この日曜日、目の前の青年が語った話です。
彼は私の子供の世代です。

そして、
ラオスの学校教育の外国語は、ロシア語だったそうです(1970年代の革命後、それ以前は領主国のフランス語)。
1990年頃のペレストロイカで、ソ連からラオスへの支援経路が訝しくなったためか、外国語はかつての領主国のフランス語に戻ったそうです。
しかし、フランス語は短期間で取りやめになり、英語(※)が採用されたそうです。

※ラオスはベトナムに加勢してアメリカと戦っているから、ソ連の崩壊後即英語に転換とはならなかったのでしょう。
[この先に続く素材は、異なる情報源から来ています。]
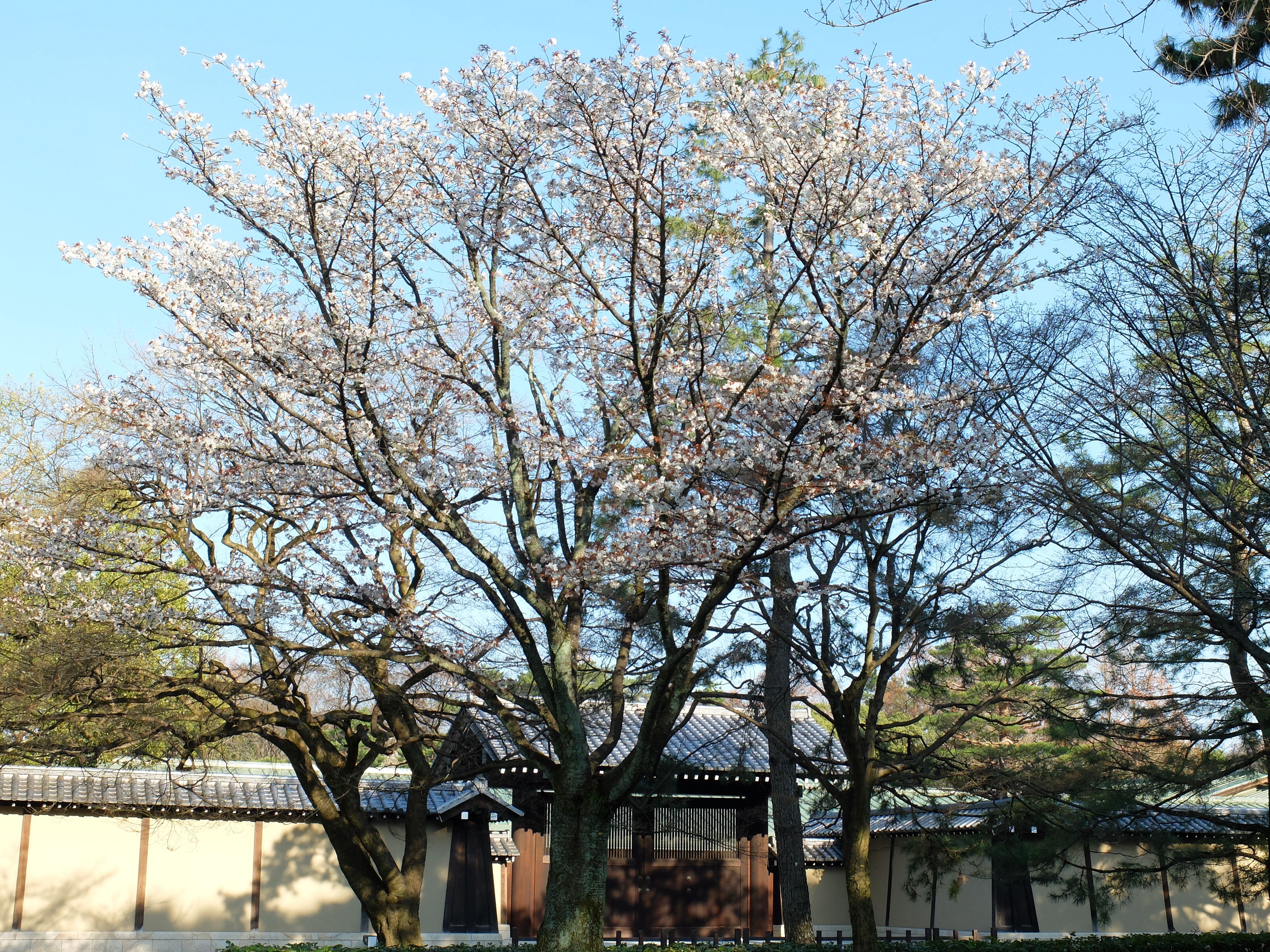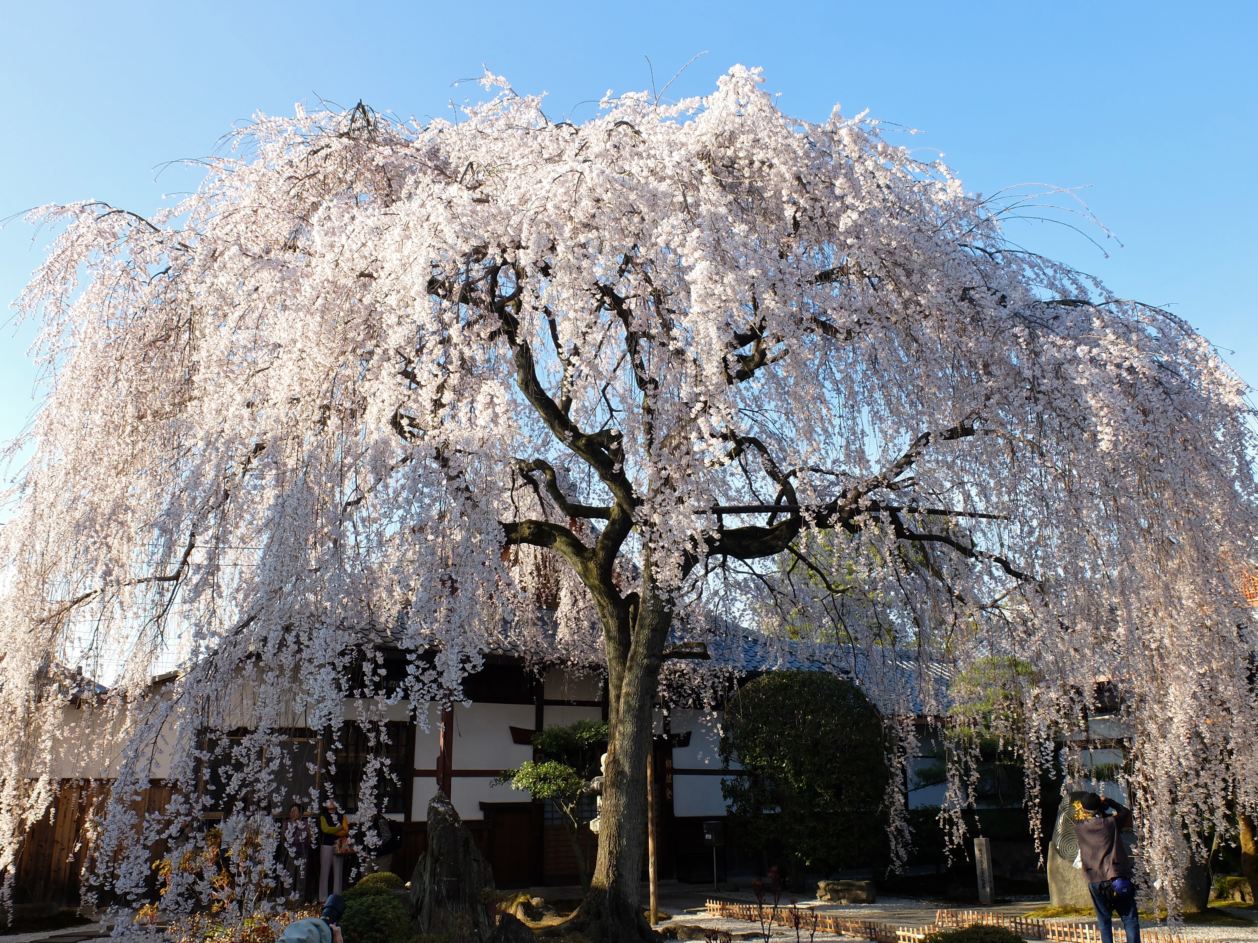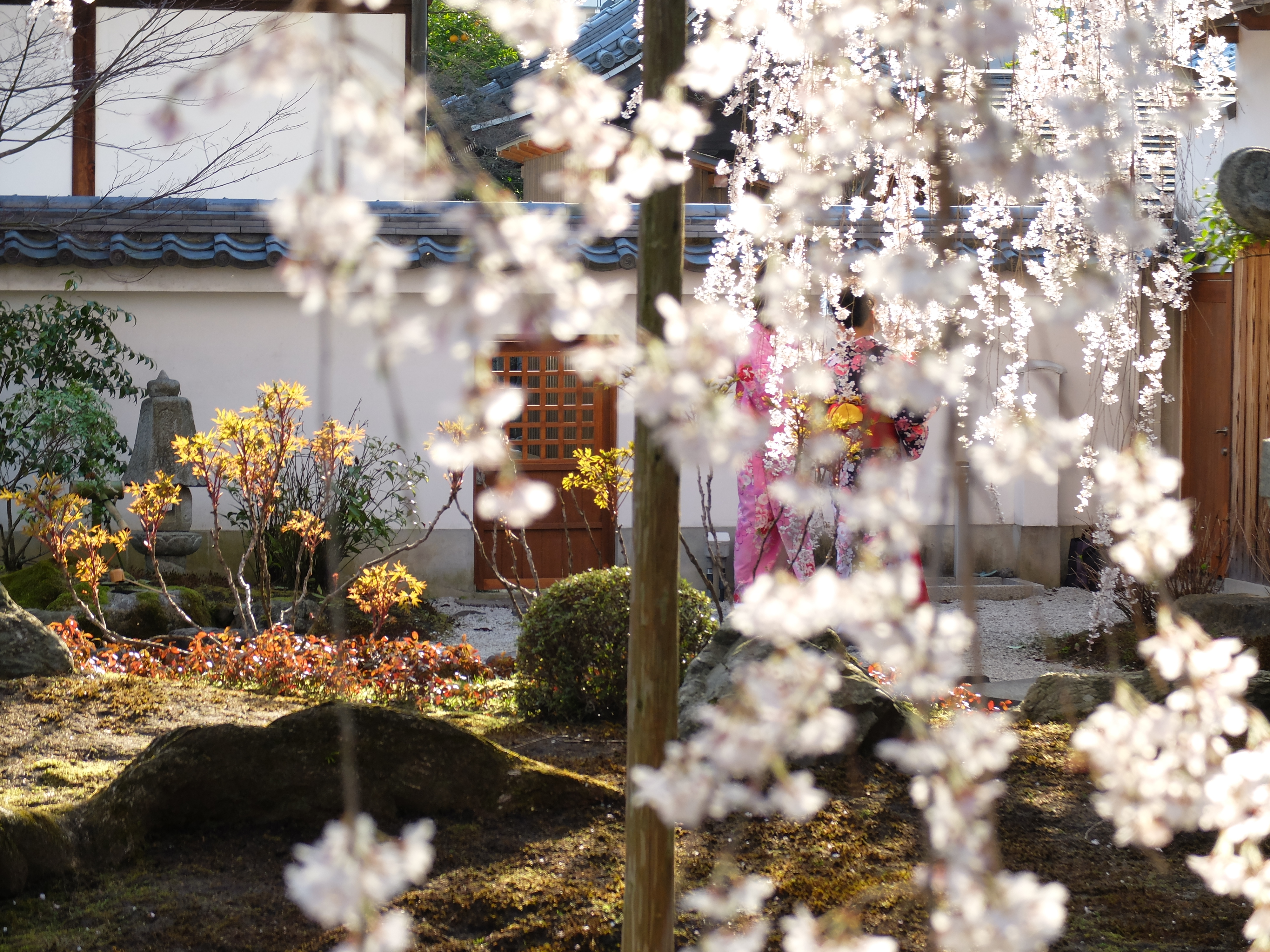 | 本満寺の桜は如何かなと思って行ったら満開で、ラッキーでした。丁度京都の桜を撮る カメラツアーの集団が来ていて、結局人が入らない写真が撮れなかったのが残念です。 此処の着物姿の二人も、中国語を話していました。 |
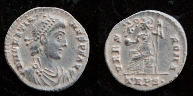 After digging a few lumps of broken drinks cans, I got a sweet repeatable high pitch signal, which I dug to retrieve a black roman coin with a perfect bust of an emperor. I shouted to Steve "I've found a Siliqua'. I didn't know what a big deal this was, we often find them in the UK, but this is not so in Croatia where they are a lot rarer. Steve ID'ed the coin as Gratian and we all agreed it was a lovely coin that I was very skilful in finding... well this is my understanding of the ensuing conversation between Steve and our two Croatian detectorist guides!
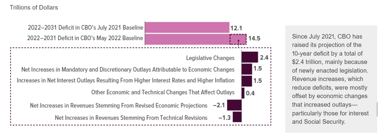 "Since July 2021, CBO has raised its projection of the 10-year deficit by a total of $2.4 trillion, mainly because of newly enacted legislation," the report reads. "Revenue increases, which reduce deficits, were mostly offset by economic changes that increased outlays—particularly those for interest and Social Security."

で、彼の高校時代はちょうどそのフランス語採用の時期。
中国への留学試験にはフランス語でなく、英語が必須とのことで、1年間の突貫勉強をしたらしいのです。

大学卒業後日本の企業に就職。
その時点で日本語能力はゼロです。
仕事の現場はIT企業だから、英語で何とかなる、と思っていたらしいのですが、
日本の理系大卒のITの職場で英語が通じない、と困って、日本語の特訓。

で、流暢とは言えない日本語ながら、上記のような話を聞くことができました。

「蛍の光、窓の雪」で勉強に励んだという話、ウソー、大袈裟なと思うところがありませんか。
小学校も中学校も教科書が持てなくて、留学先で大学生のみんなが自分の本を購入するということに驚くって、日本人だったら、その彼に、驚きませんか。

ここまで、読んでくださったとしたら、ありがとうございます。
下書きから、投稿まで1日置いたので、最新投稿の順番が逆になってしまいました。